It’s a mark of how entwined the Vietnamese culture has become in New Orleans that a business marketing itself widely can use a pun on a Vietnamese family name and get away with it.
That is Dough Nguyener’s Bakery, which takes its name from founder Betty Archote’s family name, Nguyen, which is pronounced “win,” hence “dough winners.”
Dough Nguyener’s officially opens its new bakery café in Gretna on Friday, March 17, and it turns out the business name is only the start of the polyglot puns.
Dough Nguyener’s serves a dual role. It’s as a production bakery for baguettes, doughnuts and (during Carnival season) king cakes.
It also serves as a retail bakery and restaurant, with a drive-through for coffee drinks and quick items and a menu that fields a wide range of Vietnamese dishes and works a special niche with fried chicken.
That includes an eye-popping whole fried chicken, which is not cut, but prepared and served whole. The name for this feast? Get ready. It’s “Nguyener Nguyener chicken dinner.”
It is like they are training the uninitiated.
But let’s start with the bread, since this is a bakery.
A different loaf
By now, aficionados of Vietnamese food are well familiar with the Vietnamese take on the baguette, which is very light with a brittle crust. It’s already standing in for New Orleans style French bread, the po-boy loaf, at some restaurants.
Dough Nguyener’s has adopted a different style for its house standard. This has a softer crust, and is more dense, and is a bit closer to a Parisian baguette, in shape and texture.
It’s sold whole and also turned into an array of bánh mì, including a breakfast version with scrambled eggs and Vietnamese ham, chả lụa, which Archote’s family makes in-house.
The same dough is rendered as circular buns, used for other sandwiches here. These are called “bun me.” The hits just keep coming.
Some of the menu goes deep on Vietnamese tradition. You can get an iron skillet of beef stew with curry flavor and another with slices of steak and fried eggs and pâté called, bo ne.
Another starts with thickly rolled strands of sticky rice, topped with sweet, chewy Chinese sausage and roasted chicken. There’s Vietnamese pastry, like the pate chou meat pies and steamed buns. One colorful dessert is che khuc bach, which is like a highly-composed tropical fruit salad of fresh and jellied fruit garnished with almonds.
“We’re digging into our roots more here,” Achote said. “We’re introducing new things from our tradition.”
Traditions, entwined
Archote and her family have threaded the line between traditional Vietnamese and main stream Americana for years at the restaurants.

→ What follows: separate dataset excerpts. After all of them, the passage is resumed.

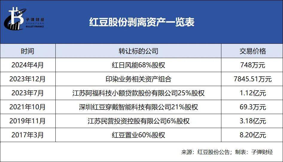 於是,紅豆股份又開始陸續“甩包袱”,重新聚焦男裝業務。據「界面新聞·子彈財經」不完全統計,2017年至2024年期間,公司先後剝離了房地產、印染、新能源、小額貸款等一眾業務。
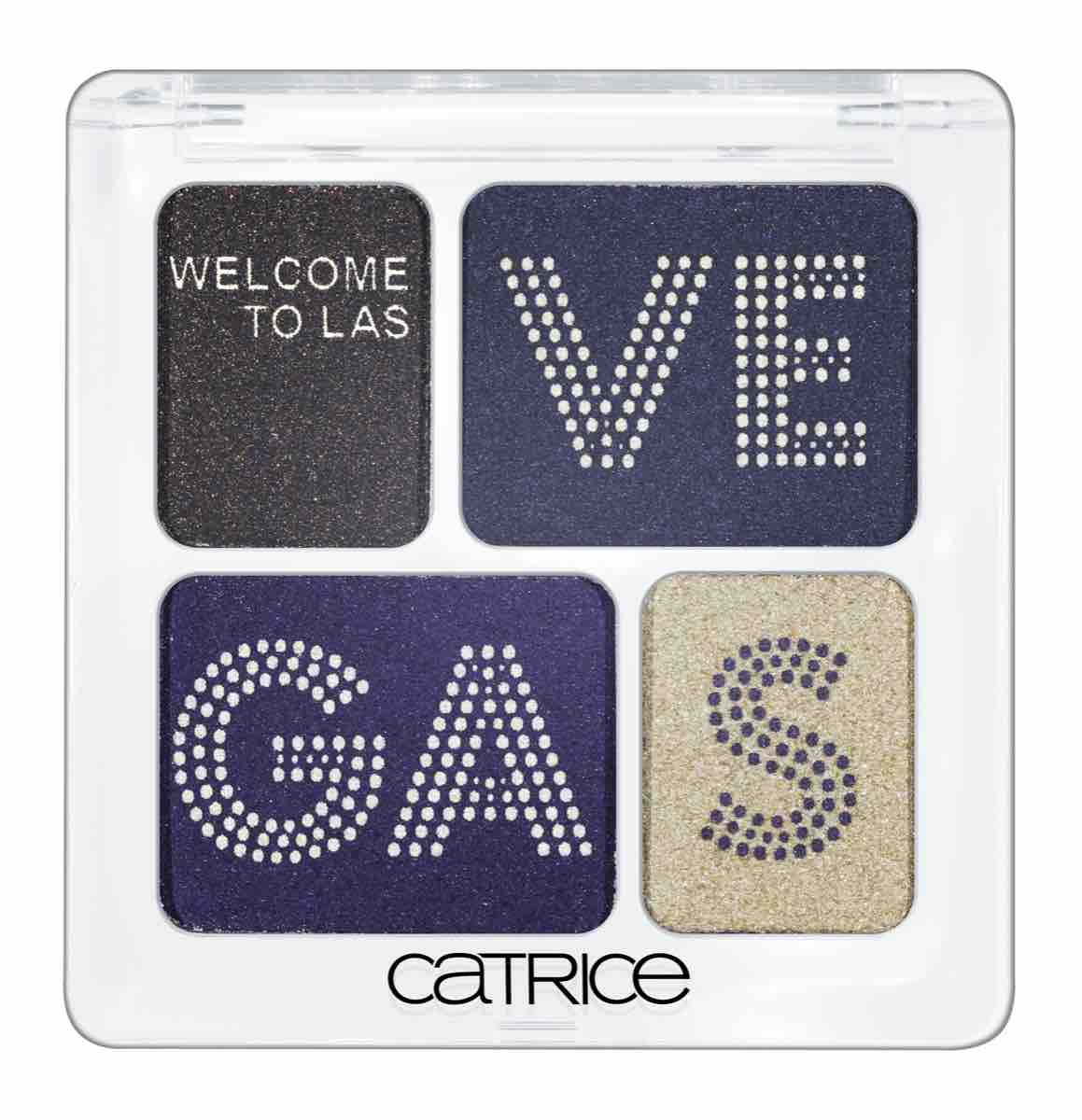 CATRICE Welcome to Las Vegas – Der Name könnte einigen Glitter und Regenbogenfarben versprechen, jedoch ist die Kollektion eher schlicht und dunkel gehalten. Neben einem Lidschatten-Quad und Fake Lashes gibt es eines mit Print versehenes Puder und ein Shimmer-Ppuder mit Zerstäuber.
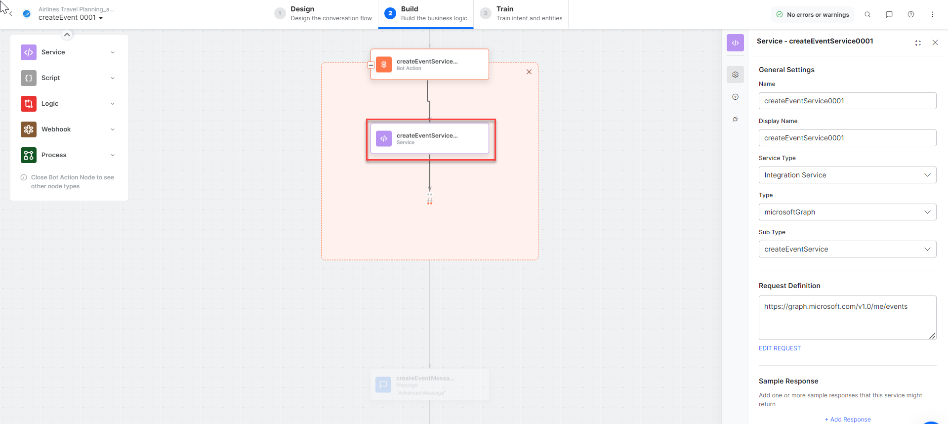 - createEventService: A bot action service to create an event in an external integration. Click the Plus icon to expand to view the createEventService bot action component properties.
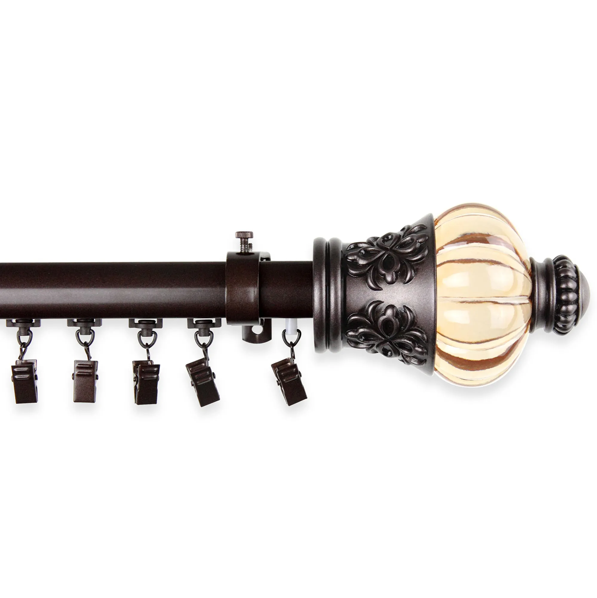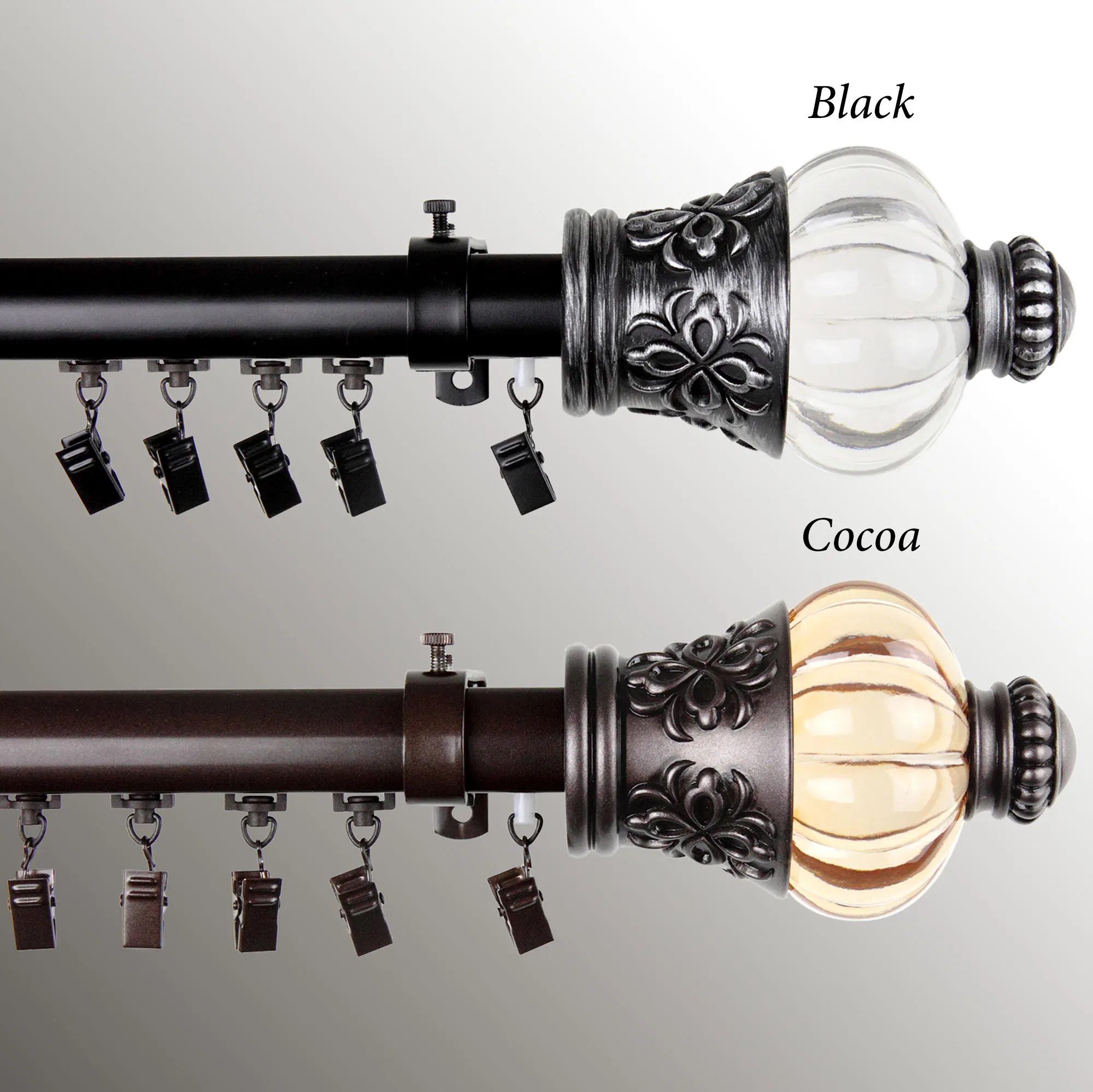 Heritage Decorative Traverse Curtain Rod and Finial Set with Sliding Clips

They started with a straight-up New Orleans seafood market for boiled crawfish and such in Algiers before closing that and opening Thanh Thanh, which sticks with the classics of the Vietnamese noodle shop.
She also started Huey P’s Pizzeria & Daiquiris, which at several locations mixes pizza with pho and cheese sticks with spring rolls.
Dough Nguyener’s double dips a bit too.
Fried chicken can come at you as “Nguyener Nguyener wings,” with a soy-based fish sauce chile glaze, or as a fairly conventional multi-piece fried chicken plate with sides.
The Nguyener Nguyener chicken dinner, of course, is the whole bird extravaganza. For this one there’s a little bit of tapioca in the coating, which gives the texture just a little bit of stretch and chew. The sides toggle between East and West, with macaroni and cheese and coleslaw on one side, kimchee salad and garlic noodles on the other. A key part is the velvety garlic sauce; break off pieces of the chicken and skin and dunk it in for the full effect.
Dough Nguyener’s has for the past two years been priming the local market for its debut with the highly-effective means of a really good king cake.
The brand started in Carnival season 2022 and continued this year, distributing at the family restaurants and other businesses. These cakes are out of season right now, but will return on Jan. 6, 2024.
However, if you want a hint of what the bakery’s café sua da-filled king cake is like, Dough Nguyener’s makes doughnuts that incorporate this sweet and creamy flavor of Vietnamese iced coffee. It’s the filling for one stuff doughnut and the icing on another glazed doughnut, alongside more traditional doughnut varieties.
You can try these with a different take on Vietnamese coffee too. Dough Nguyener’s makes ca phe trung, or egg coffee, which substitutes an egg yolk for the usual condensed milk, following a custom said to stem from a milk shortage long ago in Vietnam. The result is a sweeter, silkier coffee drink.
The café also has frozen daiquiris at the ready, covering many different bases.
433 Lafayette St., Gretna
Mon-Sat.: 6 a.m.-8:30 p.m., Sun. 6 a.m.-3 p.m.